In each case, each value (such as 4) exactly matches every other value that looks like a 4.

But

random_float_data = random_integer_data + 1e-14*(rand(size(random_integer_data)) < 1/3);
disp(random_float_data)
  Columns 1 through 18

    4.0000    4.0000    2.0000    9.0000    8.0000    4.0000    8.0000   10.0000    7.0000    2.0000    2.0000    8.0000    3.0000    5.0000    1.0000    6.0000   10.0000    2.0000

  Columns 19 through 20

    5.0000    4.0000
[G, ID] = findgroups(random_float_data);
for idx = 1 : length(ID)
    S = sprintf('floating value %g occurs at index: ', ID(idx));
    S = [S, sprintf('%d, ', find(G==idx))];
    fprintf('%s\n', S);
end
floating value 1 occurs at index: 15, 
floating value 2 occurs at index: 3, 10, 11, 18, 
floating value 3 occurs at index: 13, 
floating value 4 occurs at index: 6, 20, 
floating value 4 occurs at index: 1, 2, 
floating value 5 occurs at index: 14, 
floating value 5 occurs at index: 19, 
floating value 6 occurs at index: 16, 
floating value 7 occurs at index: 9, 
floating value 8 occurs at index: 5, 7, 12, 
floating value 9 occurs at index: 4, 
floating value 10 occurs at index: 17, 
floating value 10 occurs at index: 8, 

The 4.0000 entries at index 1, 2, 6, 20 all look the same, so why where they not all grouped together by findgroups?

Answer: just because they look the same to the display does not mean they are the same:

fprintf('%.16g, %.16g, %.16g, %.16g\n', random_float_data([1,2,6,20]));
4.00000000000001, 4.00000000000001, 4, 4

See, not really equal.

Why does this matter?
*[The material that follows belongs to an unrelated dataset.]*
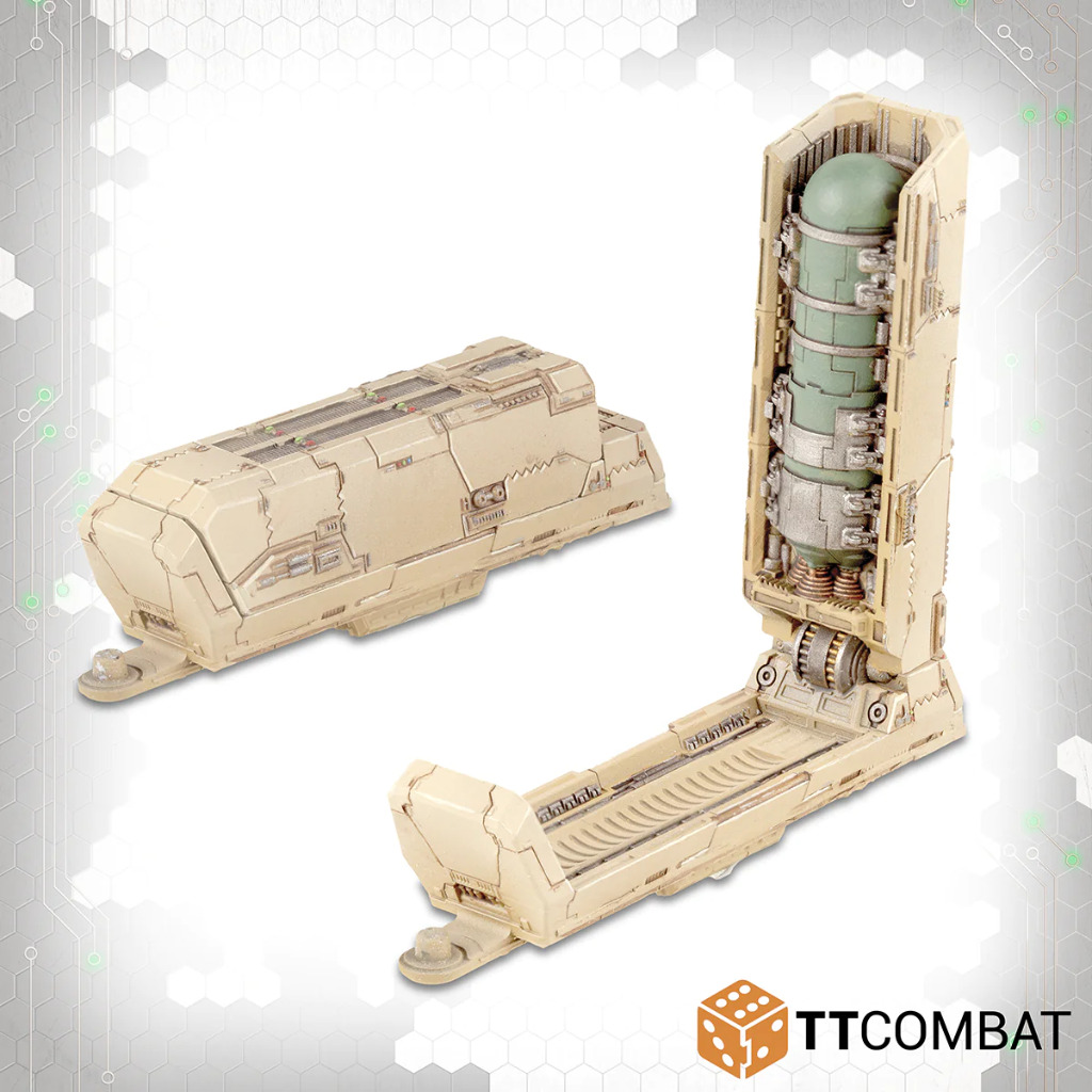 Thundering along the line, the Military Monorail makes for an excellent centrepeice that runs all the way across the board. With a battery of AA guns, giant Slayer Railgun, and a hidden launch bay packing a heavy payload that can be used to devestating effect. With dynamic posing due to a flexible track and columns, you’ll be able to assemble this kit around your terrain.
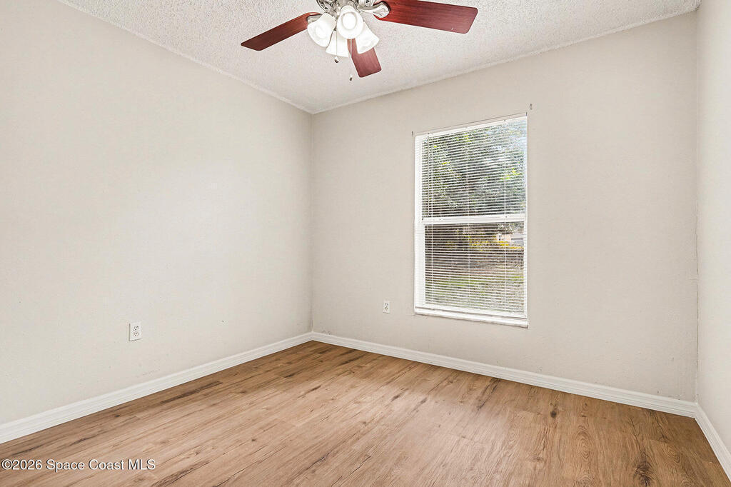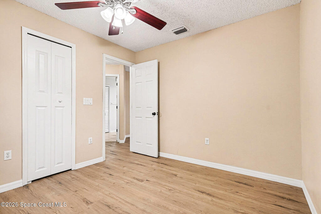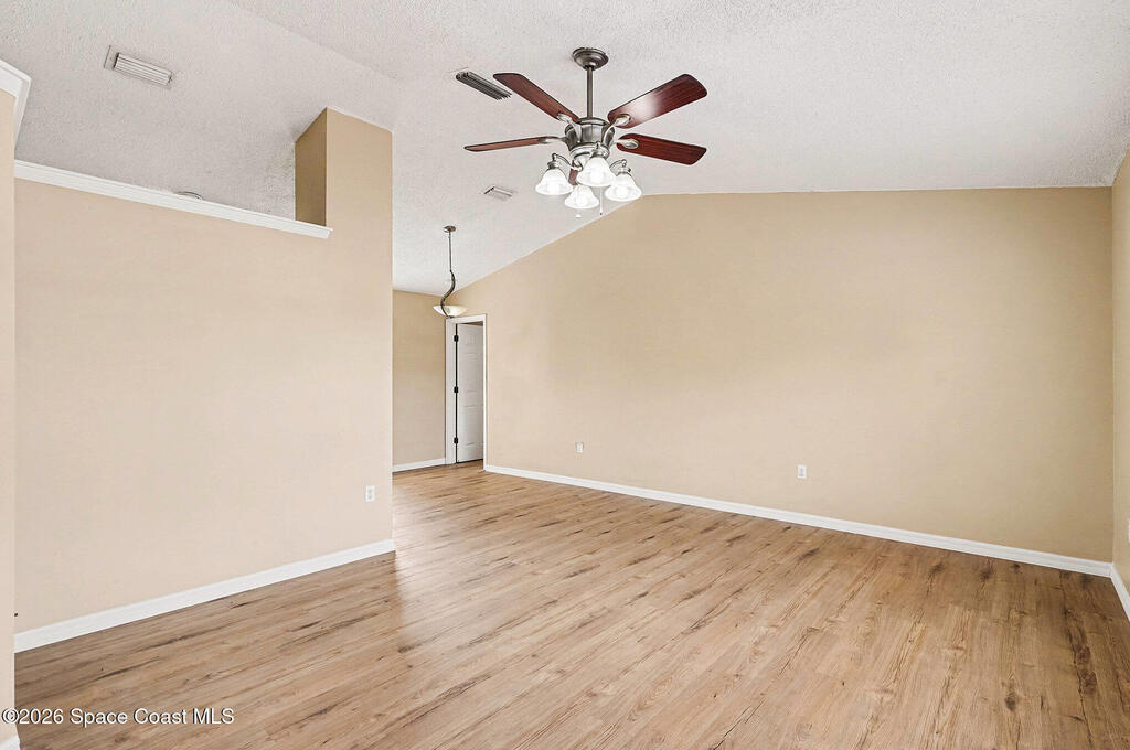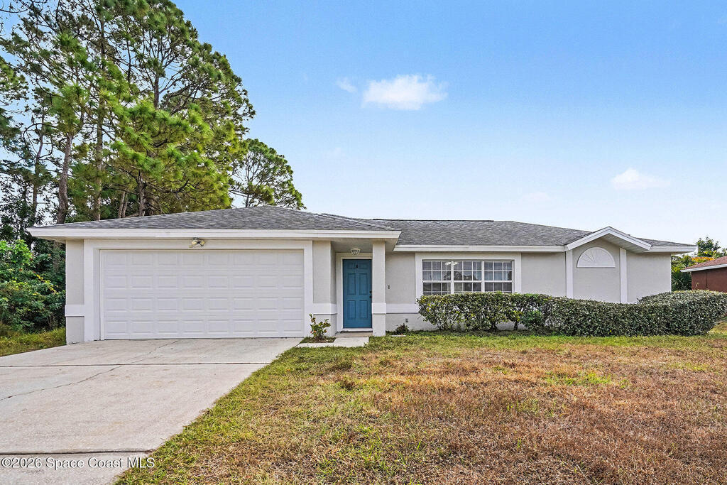 Welcome to this charming 3-bedroom, 2-bath home in NW Palm Bay. It was an investment property but improvements have been made over the years! 2025, New LPV flooring in living spaces and bedrooms, New garage door opener, new quartz countertop, updated bathroom vanities and commodes, freshly painted patio and garage floors. 2024 Exterior Paint, 2020 New Dishwasher, 2019 New Roof and SS Refrigerator, 2018 added insulation to attic and AC duct cleaning, 2017 New Water Heater. Laundry closet in guest bath. Fenced yard. Affordably priced and ready for a new family! Ideally located to Heritage Parkway to the West and Minton/Palm Bay Road to East.

It matters because those several -39.1 that you have might all look the same, but that does not guarantee that they are the same. Any time you are working with floating point numbers, you should assume that numbers that look the same might actually be different unless you are sure one is a copy of the other.

ismembertol() and uniquetol() exist to find approximate equality to within tolerance:

[ID, ~, G] = uniquetol(random_float_data);
for idx = 1 : length(ID)
    S = sprintf('floating value %g approximately occurs at index: ', ID(idx));
    S = [S, sprintf('%d, ', find(G==idx))];
    fprintf('%s\n', S);
end
floating value 1 approximately occurs at index: 15, 
floating value 2 approximately occurs at index: 3, 10, 11, 18, 
floating value 3 approximately occurs at index: 13, 
floating value 4 approximately occurs at index: 1, 2, 6, 20, 
floating value 5 approximately occurs at index: 14, 19, 
floating value 6 approximately occurs at index: 16, 
floating value 7 approximately occurs at index: 9, 
floating value 8 approximately occurs at index: 5, 7, 12, 
floating value 9 approximately occurs at index: 4, 
floating value 10 approximately occurs at index: 8, 17, 

Walter Roberson on 25 Nov 2020

We are doing comparison between two data sets, including using the time entries of one of them as locations to interpolate at. The comparison will not work well if any of the entries are nan, and interpolation will fail if any of the times being interpolated at are nan.

Now, when we use computation to arrive at the numbers we are using, a nan output is not especially likely. It can happen in some cases of overflow. It can happen if you interpolate out of range. So not never but not common .

But we are not using computation to arrive at the numbers. We are reading the numbers from an excel file. And when you read from excel files, you get nan in any entry that was not entered as a proper number, and you get nan where there are columns that are blank when other columns are not blank, and you get nan if you ask to read more data than exists in the file. When you read from an excel file that a user might have edited by hand, you should assume that the user made a mistake in the file and that you will have nan entries in the data you read in.

Because of that, I take steps to detect and remove rows that have nan in them.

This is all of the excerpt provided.